# Why Linux always use command console



## Ecko (Nov 24, 2007)

The only reaso i hate linux is too much of command console
I hate Ubuntu (some will say have u ever tried it...!@#$%)
I hate Suse 


I've stuck to windows just because for every think there is a button & 
Just a simple work next or cancl in installation

R u like me !!!


----------



## Faun (Nov 24, 2007)

windows also uses commands beneath those layers of abstraction

linux is not for noobs. U can get any flavor suiting ur needs. 

Commands give extra edge- u get to know the error in case if something doesnt work, and its always faster in linux (Tab and history makes it so),

NOTE: Some one made a new id just for this silly question ?


----------



## Tech_Wiz (Nov 24, 2007)

Errm.. Its not that difficult in Linux. You just need to know how to do it.
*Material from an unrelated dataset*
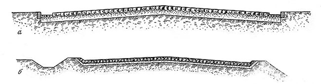 В строительстве земских грунтовых дорог применялись два типа поперечных профилей (рис. 2.12): обычный, наиболее распространенный, и лотковый, менее распространенный. В сравнении с шоссе поперечные уклоны грунтовых дорог были более крутыми, в пределах 0,03 - 0,06. Хотя правила предписывали принимать для земских дорог продольные уклоны и радиусы закруглений такие же, как и для казенных шоссе, но фактически для земских дорог допускались продольные уклоны в пределах 0,08 - 0,10 и больше, а радиусы кривых 21 - 22,4 м. Подобное "облегчение" технических правил было и для других элементов грунтовых и шоссейных дорог (уменьшение ширины проезжей части, толщины щебеночного слоя и др.). Более того, подобные свободы коснулось и основных принципов проектирования трассы. Так, с 70-80-х годов стали отказываться от принципа проектирования трассы дороги по кратчайшему направлению и начали переходить к проектированию гужевых дорог с кривыми в плане и в профиле. Это объяснялось необходимостью сокращения издержек на строительство и ремонт дорог.
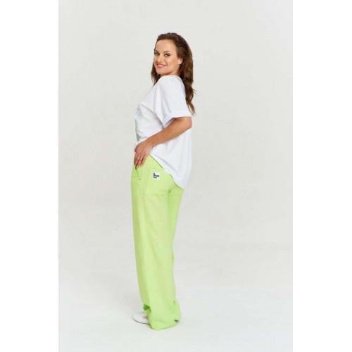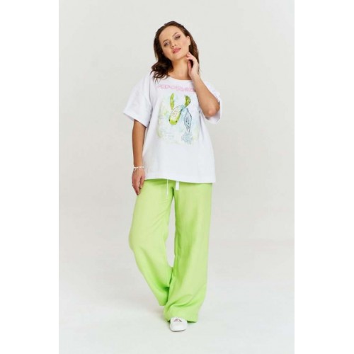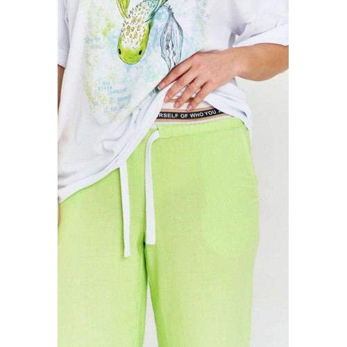 Брюки-палаццо из мягкого и пластичного льна с добавлением вискозы, с удобными боковыми карманами спереди и накладными сзади. Пояс - декоративная резинка и кулиса со шнуром. Изделие декорировано нашивкой и металлическими хольнитенами.

In case you got a internet connection there is nothing better than Linux apart from High End Gaming


----------



## praka123 (Nov 24, 2007)

command line esp bash shell is a "feature" of Linux.u dont know how useful CLI and GNU tools are.
Ubuntu is n00b ready.but if you dont have the patience and always look back for  windows and windows things in Linux.then sorry,Linux is a very different Operating System than windows.you have to learn Linux.it will take a week or another to have a base on Linux.you have to use terminal at some time where you want to fix some problems or customization etc.


----------



## The_Devil_Himself (Nov 24, 2007)

Linux is user friendly not idiot friendly(copied from someone's siggy 


and here's your worst fear come true:
*Have you even tried using it once* specially the latest versions like ububtu gutsy gibbon and suse 10.2?


----------



## Tech_Wiz (Nov 24, 2007)

Guys one truth is that in case your hardware isnt supported out of the box [Happens to High End Users mainly]. Then its nightmare for any average user. 

And in case he doesnt have Internet Connection then the guy is practically dead.

ps: Just for Info: I used Suse 6.3, 10.2 , 10.3, Mandriva 2008, Debian 4.0, Ubuntu 7.04, Corel Linux, Mint, Redhat 7, 9, Vector Linux.

If hardware is not supported out of box then its very very hard to get it working.


----------



## iMav (Nov 24, 2007)

The_Devil_Himself said:
			
		

> Linux is user friendly not idiot friendly(copied from someone's siggy


 its not friendly yaar ... btw i there a link prakash sir which has linux commands eplained in idiot terms for me



> If hardware is not supported out of box then its very very hard to get it working


 difficult oh man it sux the last breath of patience in u


----------



## praka123 (Nov 24, 2007)

@imav:yes.the link is inside ur GNU/Linux!  .open a terminal type "man commandname" for any details.also "info cmdname".in bash pressing TAB completes commands.if u have bash_completion enabled,almost every command/listing/PATH are auto-completed by bash.edit ur ~/.bashrc file and remove "#" infront of bash completion command.

and dont call me a sir,i am a college drop out u know   so what sir?  as with my age am still in my twenteeth dudo! 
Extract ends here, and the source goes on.